VERMICULITE or PERLITE and PORTLAND CEMENT – Dry Mix 5 parts Vermiculite or Perlite - to - 1 part Portland Cement in a Mixing Tub or Wheelbarrow - (5 Gallons / Shovel - to - 1 Gallon / Shovel). Add just enough water to get the entire blend wet as you mix with a shovel or hoe (hoes are good for this process). DO NOT OVER WATER! There should be ZERO water puddling! Average drying time is about 5 - 6 days.

As some folks have asked, there is a definite difference between Vermiculite and Perlite. That difference may influence your choice of material, because there is not much of a cost difference between them.

Vermiculite is a metallic silicate (aluminum-iron-magnesium) that is heat-puffed to expand the particles.
Perlite is volcanic rock riddled with microscopic bubbles; it is crushed and heat-puffed to expand it.

In gardening, you would use either material to prevent soil compaction, improve aeration, and retain moisture. However, the two materials have an important difference. Vermiculite absorbs 3 to 4 times its weight in moisture, and will retain it as long as possible. Perlite “hosts” water because of its bubble-like structure, but it also holds air, and water will find ways to escape through gravity and evaporation.

Applied to a slab, with Portland cement binding it, you get:

  • Vermiculite taking several days to cure (the instructions call for 5 to 6 days)
  • Perlite cures within a day (because the Portland cement binder can draw the water out of it as it cures)

I used Perlite in my own insulated slab, and it was fully cured within 48 hours.

If you’d like a fuller rundown on these two materials, here’s a reference: SFGate Home Guides.

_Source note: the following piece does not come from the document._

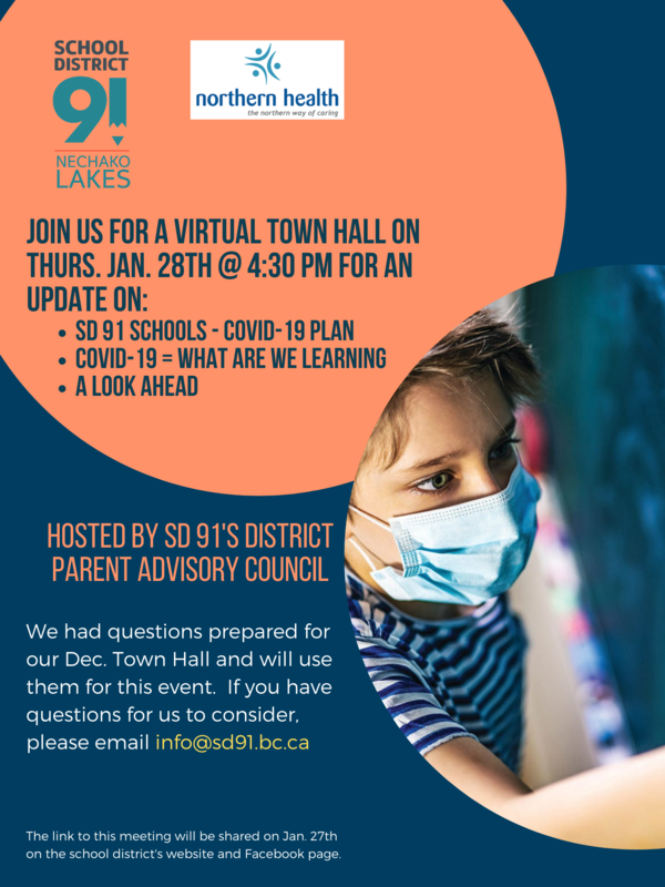 Please join our virtual Town Hall event hosted by our DPAC and featuring guests from Northern Health Thursday January 28, 2021 at 4:30 pm.  You can access this event by clicking HERE.

As I’ve just purchased perlite for my insulation base, I will say the only place I found it was Home Depot. They have the 2 cu ft bags of vigoro brand pictured above for $17 a bag. I tried 5 nurseries in my town first and none of them carried big bags, only tiny bags. Apparently there’s no demand at mom and pop shops for this much of the material. I’m sure it differs regionally but don’t waste too much time checking nurseries if you have a home depot near by. Also for what it’s worth, I initially tried the refractory insulating cement and in addition to the higher cost, it’s tricky to get exactly the right stuff. If you’re going to harbison walker, you need to ask specifically for greenlite 45, NOT insulating cement. Their sales guys arent all as knowledgeable as you’d hope. Anyway, I wanted to try to use “professional” materials but the perlite/cement mix turned out really great, and was very cheap and easy to make.